FP16 (AMP) training slow down with PyTorch 1.6.0


I’m experiencing strange slow training speed with PyTorch 1.6.0+AMP.

I built 2 docker images, and the only difference between them is one have torch 1.5.0+cu101 and the other have torch 1.6.0+cu101. On these two docker images, I ran same code (Huggingface xlmr-base model for token classification) on same hardware (P40 GPU), with no distributed data parallel or gradient accumulation. The table below summarizes the training speed I got:

samples/s PyTorch 1.5.0 PyTorch 1.6.0 diff
FP32 51.97 51.57 -0.4
FP16 with apex.amp O1 51.25 47.43 -3.82
FP16 with apex.amp O2 56.68 49.09 -7.59
FP16 with torch.cuda.amp N/A 47.17 N/A

Comparing between 1.5.0 and 1.6.0, the FP32 speeds are close, but the speeds with APEX AMP O1 and O2 are both significantly slower with 1.6.0. PyTorch 1.6.0 native AMP is also much slower compared to 1.5.0+apex.amp. All 3 FP16 AMP configurations with 1.6.0 are slower than FP32.
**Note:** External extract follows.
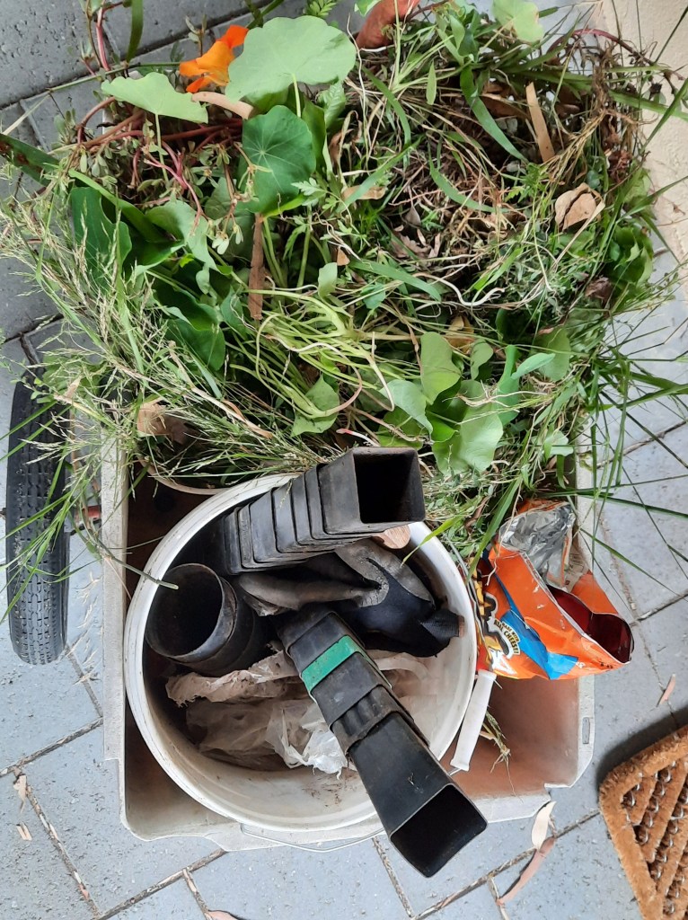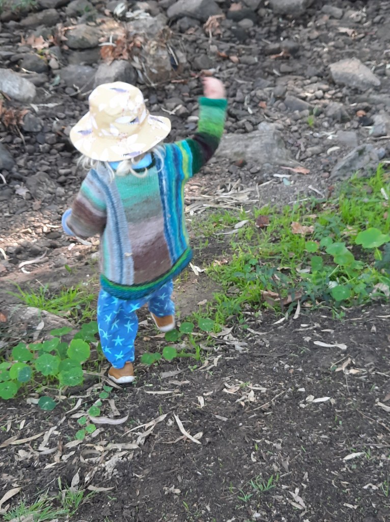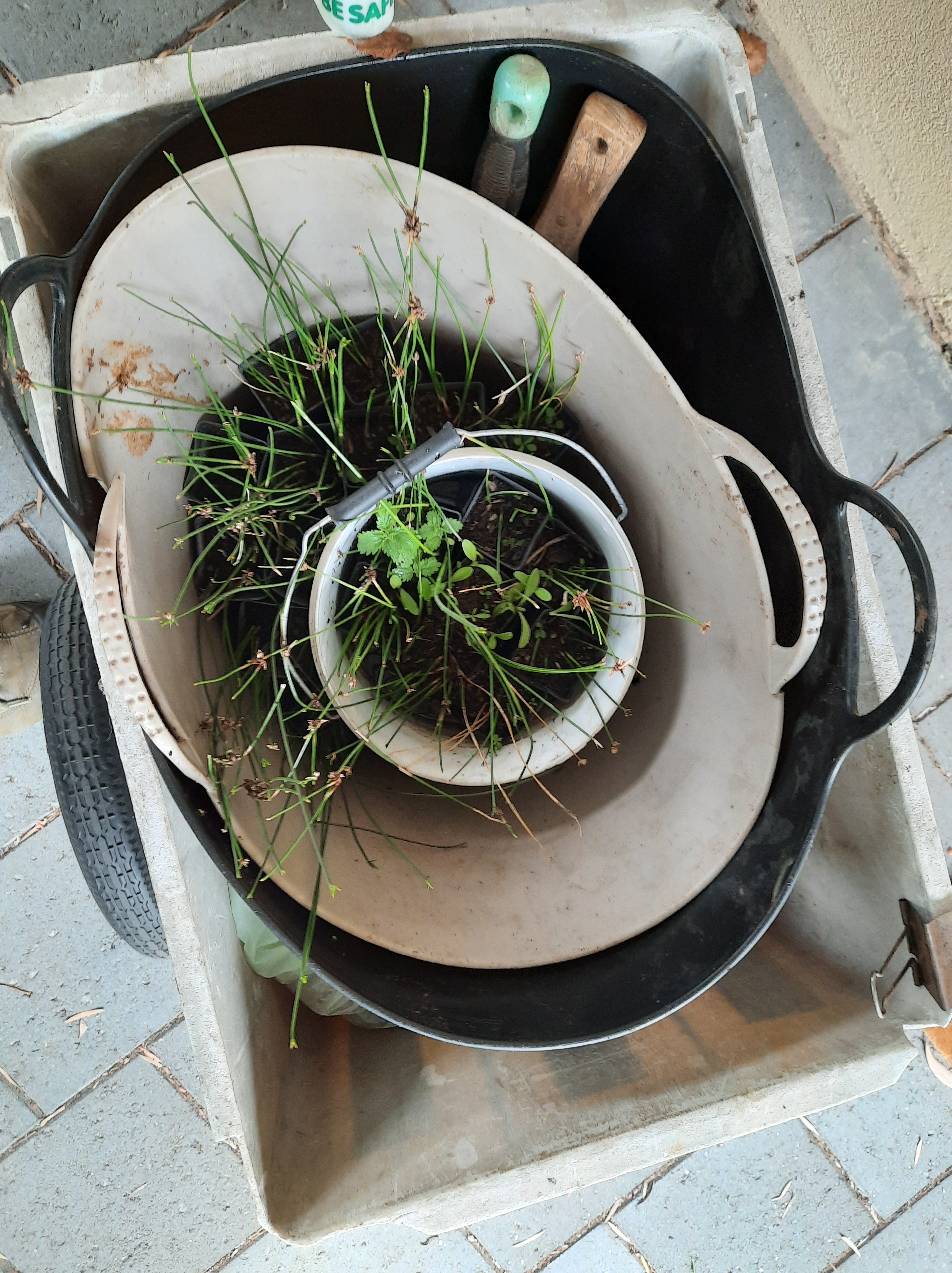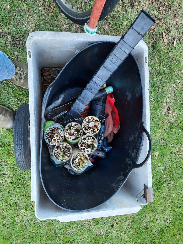 Anyway… we found bamboo and other plants suitable for the bee motel. My daughter and I pulled rubbish from the creek. And the grandbub and I planted the sedges with glee.

Again, only difference is the PyTorch version in the docker images. Other things common in the images are: cuda 10.1, cudnn, python 3.6.8,

Do you have any suggestions on this problem?


Upon further investigation, I tried to build a docker imaged by extending pytorch/pytorch:1.6.0-cuda10.1-cudnn7-devel, and do same experiments on it. Now I get comparable results on 1.6.0 in it:

samples/s docker image A docker image B
PyTorch 1.5.0 PyTorch 1.6.0 PyTorch 1.6.0
FP32 51.97 51.57 51.44
FP16 with apex.amp O1 51.25 47.43 50.57
FP16 with apex.amp O2 56.68 49.09 55.98
FP16 with torch.cuda.amp N/A 47.17 48.26

In docker image A, I have:

FROM nvidia/cuda:10.1-devel-ubuntu18.04

ENV PYTORCH_VERSION=1.6.0+cu101 # or 1.5.0+cu101
ENV TORCHVISION_VERSION=0.7.0+cu101 # or 0.6.0+cu101
RUN apt-get update && \
    apt-get install -y --allow-change-held-packages --allow-downgrades --no-install-recommends \
    libcudnn7=${CUDNN_VERSION} \
    libcudnn7-dev=${CUDNN_VERSION} \

RUN pip install torch==${PYTORCH_VERSION} torchvision==${TORCHVISION_VERSION} -f https://download.pytorch.org/whl/torch_stable.html

In docker image B, I have:

FROM pytorch/pytorch:1.6.0-cuda10.1-cudnn7-devel

So my new question is what could be the issue with docker image A that causes FP16 speed regression from 1.5.0 to 1.6.0? Am I installing pytorch correctly in it?

Thank you

1 Like

Just to be sure that you did a fair bemchmark: did you set all seeds, set cudnn deterministic mode and disabled its benchmark mode? Different seeds can mean differently shuffled batches, meaning which might be more efficient in some cases vs. others (depending on how the padding is done). Something like this:

def set_seed(seed: int):
    """Set all seeds to make results reproducible (deterministic mode).
       When seed is None, disables deterministic mode.
    :param seed: an integer to your choosing
    if seed is not None:
        torch.backends.cudnn.deterministic = True
        torch.backends.cudnn.benchmark = False
        os.environ['PYTHONHASHSEED'] = str(seed)
1 Like

Thank you for the quick reply. Yes the seeds are all set. The loss curves are overlapping so the batches are deterministic.
I also repeated experiments multiple times with different model sizes and data, all have similar phenomenon. The gap is just too big to be the result of randomness.

New updates added to the original post.

Did you synchronize the code properly before starting and stopping the timer?
If not, this would yield invalid profiling results, since CUDA operations are asynchronously executed and your Python script might “run ahead”.
Also note that you shouldn’t expect speedups on the P40, as no TensorCores are available on this device.

Yes, I understand. The throughput calculation is over many updates, so the slow down is real.
And for the comparisons, I keep the hardware all same. Even though P40 doesn’t have TensorCores, I did see speedups with APEX O2 in two of the three configurations above. And the one in which I installed Pytorch with pip install torch==1.6.0+cu101, the speed up is gone.

1 Like

Multiple iterations are a proper way to stabilize the results, however synchronizations are still needed.